We propose that the vesicophagy process has physiological importance: fasting leads to hypoglycemia, where additional insulin release from islets would be detrimental; thus, autophagy simultaneously induced by fasting in β cells can reduce insulin load and leakage risks (Figure 1). It remains to be studied how vesciophagy is regulated. Our in vitro data suggest that ATG5 and ATG7, but not VMP1, may be involved. Our future work will focus on the molecular mechanisms governing vesicophagy in vitro and in vivo. Translationally, based on our results in BECN1F121A mice, we are testing whether periodic (such as 2-weeks on/2-weeks off) activation of autophagy is more metabolically beneficial than chronic activation in T2D mouse models, and whether it represents a new direction for T2D cure development.
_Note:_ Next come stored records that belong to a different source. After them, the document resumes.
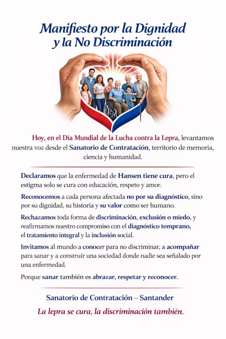 Cada 30 de enero, el mundo conmemora el Día Mundial de la Lucha contra la Lepra, una fecha para reflexionar, educar y reafirmar el compromiso con la dignidad humana. Desde el Sanatorio de Contratación E.S.E., territorio de memoria, ciencia y humanidad, alzamos nuestra voz para recordar que la enfermedad de Hansen tiene cura, pero que el estigma solo se erradica con conocimiento, respeto y amor.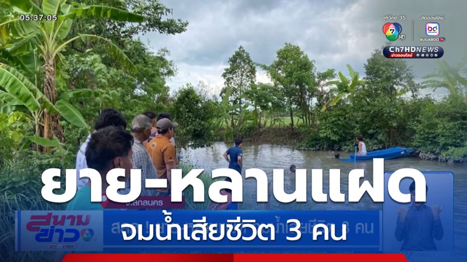 สนามข่าวเสาร์-อาทิตย์ - เกิดเหตุสลด คุณยายกับหลานสาวฝาแฝดจมน้ำในลำห้วย เสียชีวิตทั้ง 3 คน คาดว่าลงไปล้างตัวหลังดำนาเสร็จ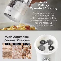 For your convenience, the mill is easy to use with a simple one button push system on each side for effortless salt or pepper seasoning. Requires 4x AA type batteries (not included).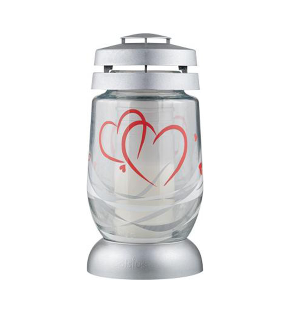 Charakteristika: Kahanec so striebornými akcentmi je vyrobený z kvalitného priehľadného skla, cez ktoré je krásne vidieť plameň. Vďaka veľkej základni je veľmi stabilný a vďaka špeciálnej štruktúre a "čiapke" je vložka vo vnútri dokonale chránená proti vetru a vode. Elegantný a moderný, vyzerá skvele ako hlavná dekorácia náhrobných kameňov. Kahanec obsahuje náplň s dobou horenia 36 hod.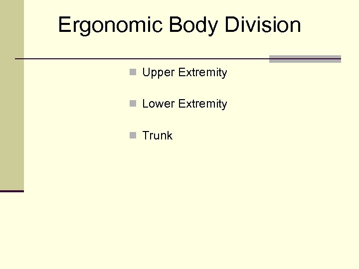 Ergonomic Body Division n Upper Extremity n Lower Extremity n Trunk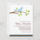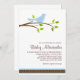 En söt liten blå fågel för en baby shower! Klassiska ränder och prickar pryder denna ljusblå och brun shower inbjudan.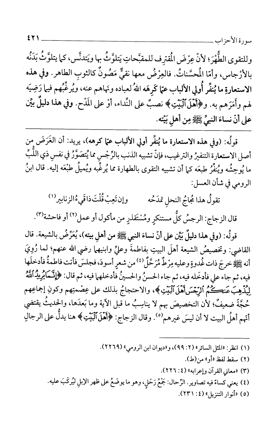 قولُه: (وفي هذا دليلٌ بَيِّن على أنّ نساءَ النبي صلى الله عليه وسلم من أهلِ بيته)، يُعَرِّضُ بالشيعة. قال القاضي: وتخصيصُ الشيعة أهلَ البيتِ بفاطمةَ وعليِّ وابنيهما رضي الله عنهم؛ لما رُوِيَ أنه صلى الله عليه وسلم خرجَ ذات غُدوةٍ وعليه مِرْطٌ مُرَحَّلٌ من شعرٍ أسودَ، فجلسَ فأتت فاطمةُ فأدخلَها فيه، ثم جاء علي فأدخَله فيه، ثم جاء الحسنُ والحسينُ فأدخلهما فيه، ثم قال: {إِنَّمَا يُرِيدُ اللَّهُ لِيُذْهِبَ عَنكُمُ الرِّجْسَ أَهْلَ الْبَيْتِ}، والاحتجاجُ بذلك على عِصْمتِهم وكونِ إجماعِهم حُجَّةً ضعيفٌ؛ لأن التخصيصَ بهم لا يناسِبُ ما قبل الآية وما بَعدَها، والحديثُ يقتضي أنّهم أهلُ البيت لا أن ليسَ غيرهم. وقال الزجاج: {أَهْلَ الْبَيْتِ} هنا يدلُّ على الرجالِ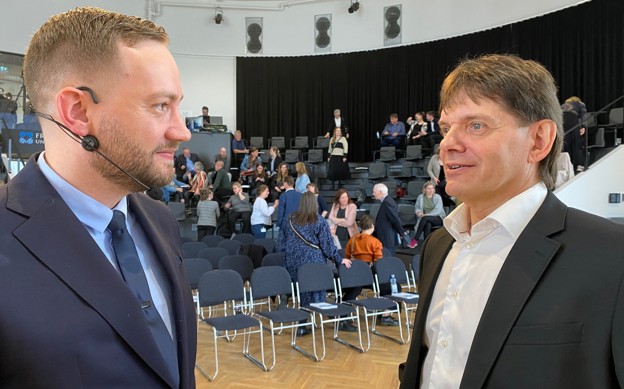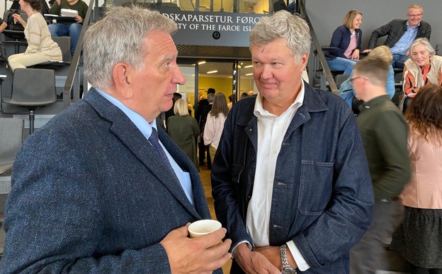 Bjarni á Steig, yvirlækni á Landssjúkrahúsinum, og Gurið Andórsdóttir, leiðari á Ílegusavninum, høvdu eisini okkurt at práta um eftir ph.d.-verjuna hjá Marnari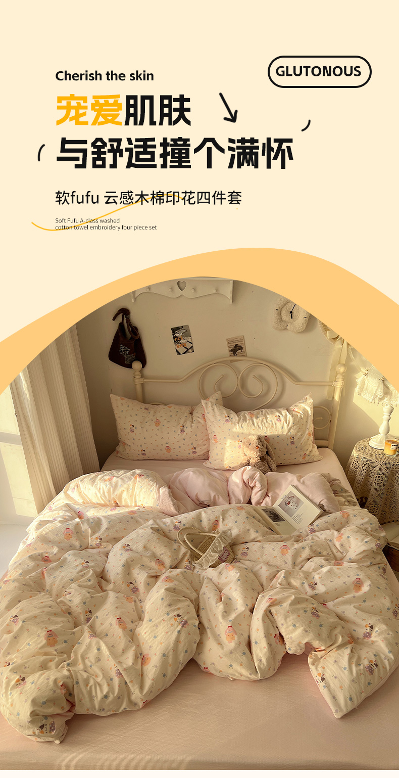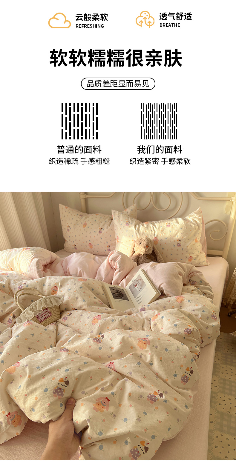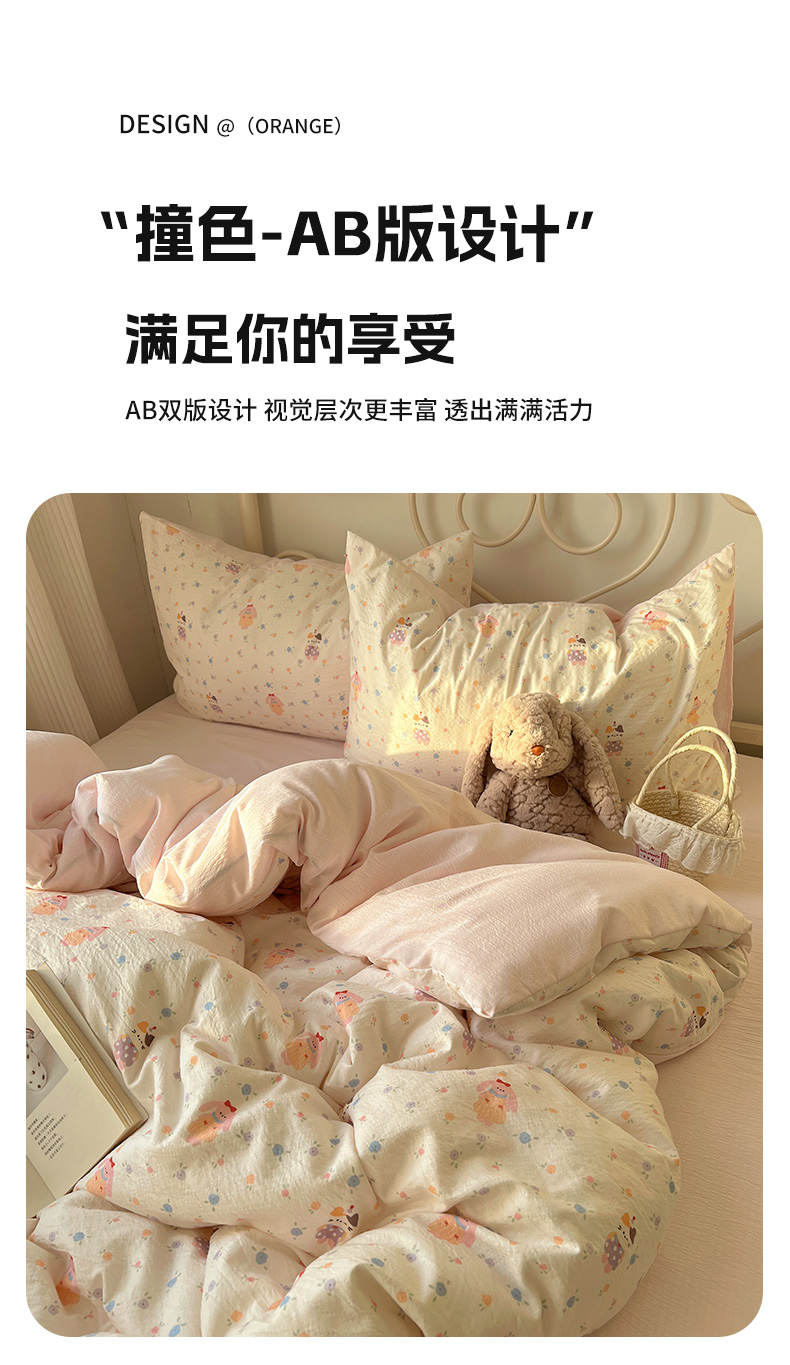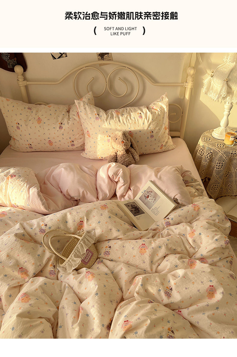 当前位置: 91家纺网 > 商品网购 > 床品套件 > 四件套 > 双层纱四件套 > 繁花家居 2026新款木棉双层纱四件套 兔兔与猫

Finally, besides diabetes, we expect that the autophagy-hyperactive BECN1F121A mice will be a useful tool to study the role of autophagy in many different diseases and research directions.

Funding Statement

This work was supported by funding to C.H. from NIH/NIDDK (R01 DK113170), American Federation for Aging Research (AFAR), and Northwestern Cognitive Neurology and Alzheimer’s Disease Center (NIA AG13854).

Disclosure statement

No potential conflict of interest was reported by the authors.

References

  • [1].Yamamoto S, Kuramoto K, Wang N, et al. Autophagy differentially regulates insulin production and insulin sensitivity. Cell Rep. 2018. June 12;23(11):3286–3299. PMID: 29898399. [DOI] [PMC free article] [PubMed] [Google Scholar]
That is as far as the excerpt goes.